Hands-on Tutorials
Spotify API and Audio Features
One gal’s journey to make a playlist her mom can dance to
Tableau Public Dashboard (only looks good on desktop, honestly)
Jupyter Notebook
This is a follow-up to my previous post, Visualizing Spotify Data with Python and Tableau.
The most fun I’ve ever had dancing on a night out was when I went to an Indie Night on a Tuesday in London in 2015. I have frequently exercised while listening to Phoebe Bridgers. This morning I looked at the “Sad Girl Starter Pack” playlist on Spotify and thought “wow these songs are all bops!” Needless to say, I am not the best person to ask to DJ a party.

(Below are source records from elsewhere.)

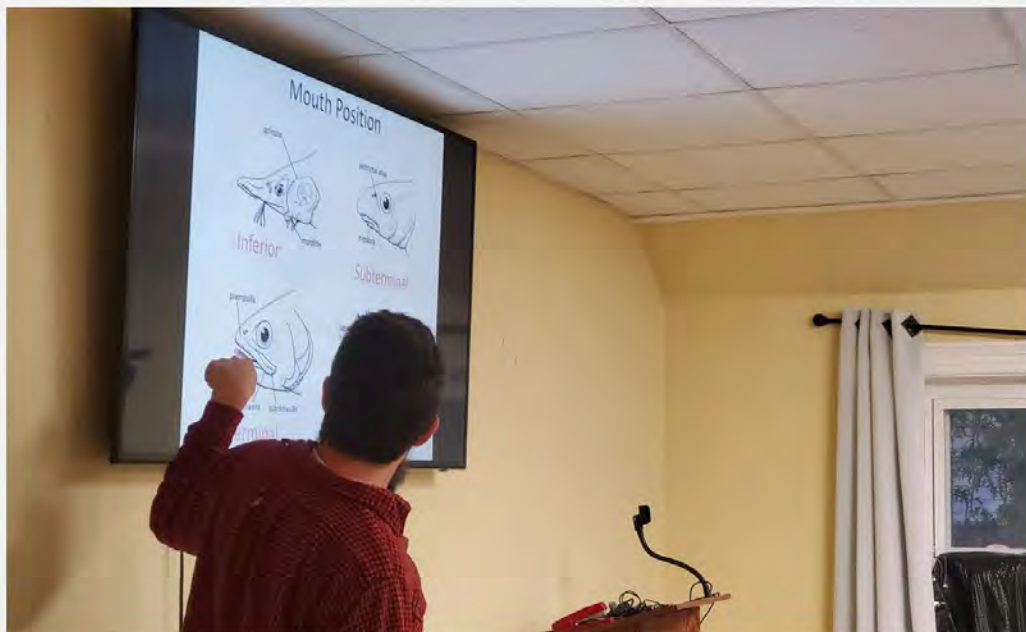
Explaining the different fish and hooks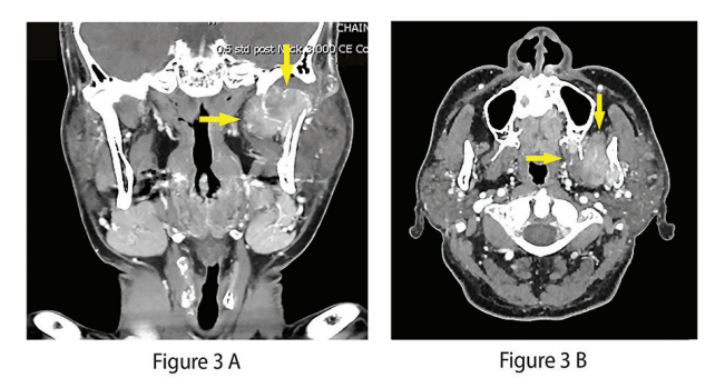
Figure 3: Medical CT images with the soft tissue window mode (3A-3B) show severe condylar bone destruction associated with a large soft tissue mass at the masticator space closed to medial aspect of the left ascending ramus (arrows)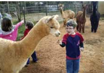
Adventures on the North GA Farm Trail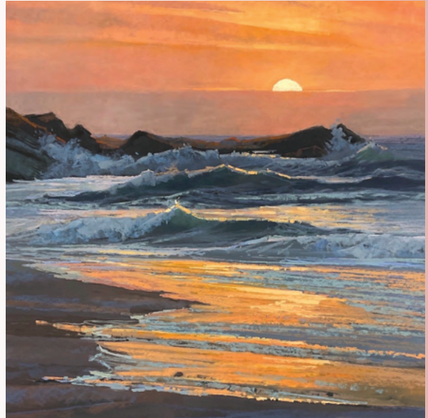
Liz Haywood-Sullivan, Sound of the Sea , pastel on paper © 2022

Wednesday-Saturday, November 1-4, 2023 9:00 a.m. - 4:00 p.m.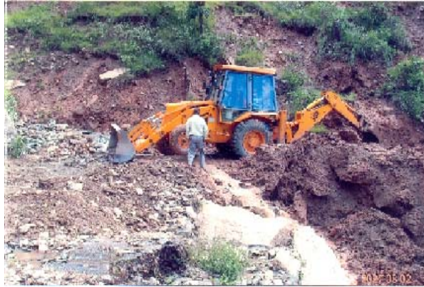
Picture: 4.1 Damaged road at km. 6.8

On this being pointed out, the EE replied (July 2007) that the road did not show any prior tendency of caving in and that the damage was due to cloud bursting and heavy rains, an unforeseen natural calamity. It was also stated that the depressions on the road have been removed by earth filling and it is open for traffic. The reply is not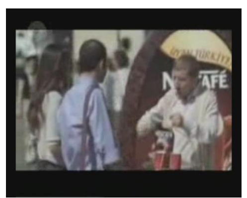
Figure 3. Demonstration and service of the product in the Nescafé advertisement

It was noticed that two male participants criticized the format and the strategy of the Nescafé commercial in an implicit way: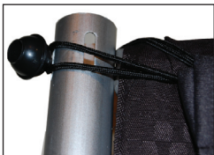
Graphic attached to pipe and drape.

Either by using the supplied ball bungees and hooks or by utilizing the top pole on any pipe and drape structure QuickDrop is simple, convenient, economical and a super traveler. As fast as the QuickDrop is put up it can be taken down, folded up and your off to meet the next opportunity or catch an early flight.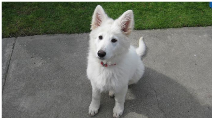
Indie aged 4 months

Indie was born on the 26 May 2012, her breed is a Swiss White Shepherd.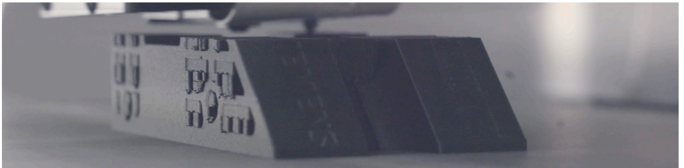
Siemens Gas & Power utilized its industrial X7 printer for strong, stiff fixtures.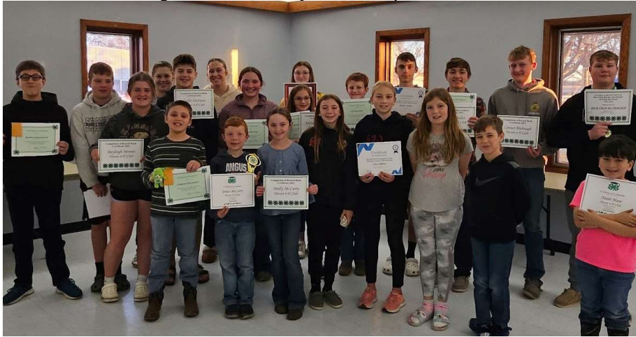
Haven 4-H Members with their County Awards!

This summer, I was tasked with picking the music for a 12 hour car ride with my 66-year-old father, 62-year-old mother, 13-year-old dog, and 4-year-old nephew. The criteria? “Something I can dance to,” according to my mom. I knew this meant no Lana Del Rey, but beyond that I wasn’t sure. I landed on this Guardians of the Galaxy playlist, which was definitely a crowd pleaser. But I was curious what songs within my own library would be considered “danceable.”
Fortunately, after downloading my library from Spotify I was able to use Spotify’s API to pull a number of audio features about each song: Danceability, Energy, Instrumentalness, Popularity, Speechiness, and Tempo. I can now see which songs in my library score highest/lowest on these metrics, as well as how my most-played songs & artists fall on the spectrum.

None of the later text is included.